Rund 180 interne E-Mails der Verwaltung haben Michael Metten und Christian Buchen durchforstet.

Bergisch GladbachDie exklusive „Handreichung“ der Verwaltung für das Ampelbündnis (Grüne, SPD, FDP) hat die CDU extrem verärgert – ein Gutachten wurde in Auftrag gegeben, das zu dem Schluss kam, dass die Verwaltung, der Bürgermeister Frank Stein (SPD), die parteipolitische Neutralität verletzt habe. Die CDU schaltete daraufhin die Kommunalaufsicht des Kreises ein. Und die kam zu dem eindeutigen Ergebnis, dass das Verhalten der Verwaltung und des Bürgermeisters nicht zu beanstanden sei. Matthias Niewels sprach mit dem CDU-Fraktionsvorsitzenden Michael Metten und seinem Stellvertreter Christian Buchen.

Herr Metten, Herr Buchen, wie groß war ihre Enttäuschung, als sie die Stellungnahme der Kommunalaufsicht gelesen haben?

Metten: Ich würde da nicht von Enttäuschung reden. Wir waren überrascht. Denn das von uns in Auftrag gegebene Rechtsgutachten einer renommierten Kanzlei kommt zu einer ganz anderen Rechtseinschätzung.

Buchen: Vor allem in dem wesentlichen Punkt, ob ein Verstoß gegen die persönlichen Rechte der Ratsmitglieder durch die Informationspolitik vorliegt, erklärt sich die Kommunalaufsicht für nicht zuständig. Es wird, vereinfacht gesagt, festgestellt, dass am Ende ja dann doch alle gleich informiert worden sind.

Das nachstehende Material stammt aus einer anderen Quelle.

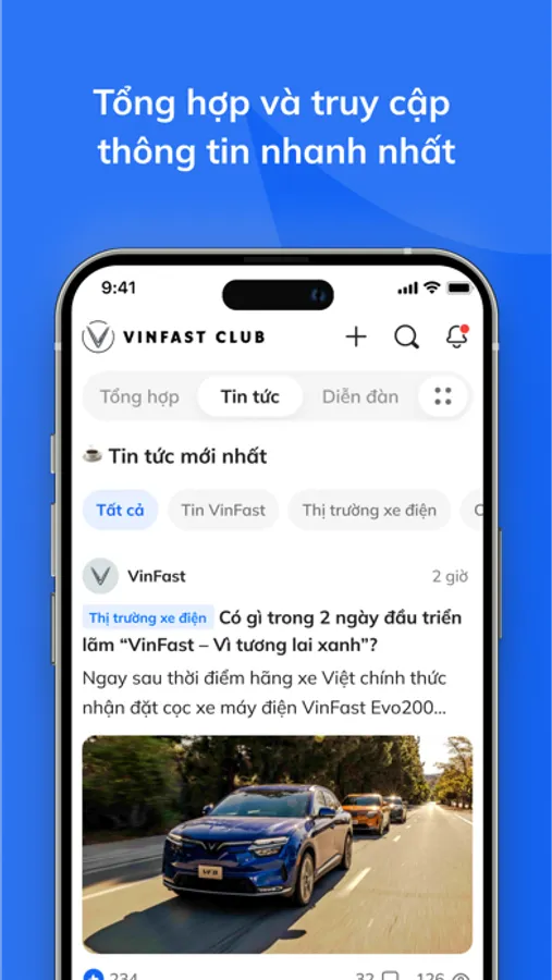 Thành viên có thể tổng hợp và truy cập thông tin liên quan tới sản phẩm và thương hiệu ô tô VinFast nhanh nhất.

Bürgermeister Stein hatte nach Bekanntwerden der Handreichung sie an alle Fraktionen nachgereicht.

Buchen: Ja, nachdem Ihre Zeitung darüber berichtet hat. Infolgedessen haben wir dann unser Recht zur Akteneinsicht wahrgenommen und rund 180 E-Mails durchgearbeitet. Uns wurde sehr schnell klar, dass die exklusive Handreichung nur die Spitze des Eisberges war. Die Mails zeigen aus unserer Sicht, dass Verwaltung und Ampel extrem eng zusammenarbeiten. Vorlagen werden intern abgesprochen und abgestimmt. Die Entscheidungen sind schon lange vor den Sitzungen getroffen.

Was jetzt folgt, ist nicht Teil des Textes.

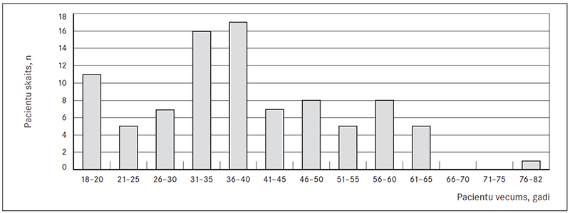 Prospektīvā pētījumā tika iekļauti 90 pacienti vecumā no 18 līdz 82 gadiem, vidējais pacientu vecums bija 39,08 ± SD 15,1 gads (sk. 1. att.).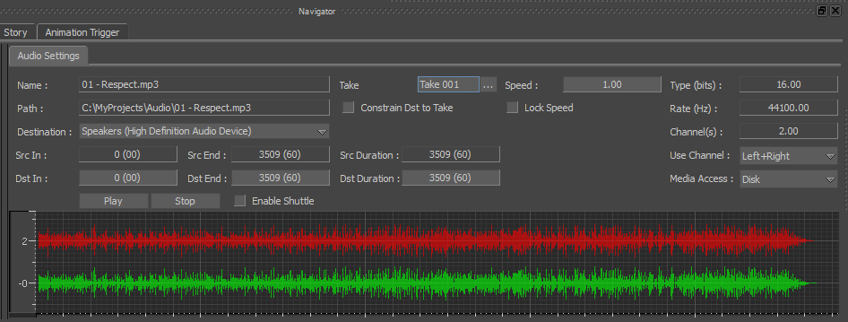 Audio 設定は、Navigator Scene ブラウザでオーディオ クリップを選択したとき、Navigator ウィンドウに表示されます。Audio 設定は、オーディオ プロパティとオーディオ波形で構成されます。

Die Ampel spricht von einem „Theaterdonner“ und davon, dass zu Zeiten der CDU-geführten Mehrheiten im Stadtrat mit Bürgermeister Lutz Urbach (CDU) alles noch viel schlimmer gewesen sei.

Buchen: Ja, das wird geradezu reflexhaft behauptet. Aber das stimmt einfach nicht. Nur ein Beispiel: Bei der Diskussion zum Flächennutzungsplan haben wir die Verwaltungs-Fachleute in die Fraktion eingeholt. Die haben ihren Vortrag gehalten und sind anschließend gegangen. Diskutiert haben wir dann intern und in langen Listen Flächen bewertet und priorisiert.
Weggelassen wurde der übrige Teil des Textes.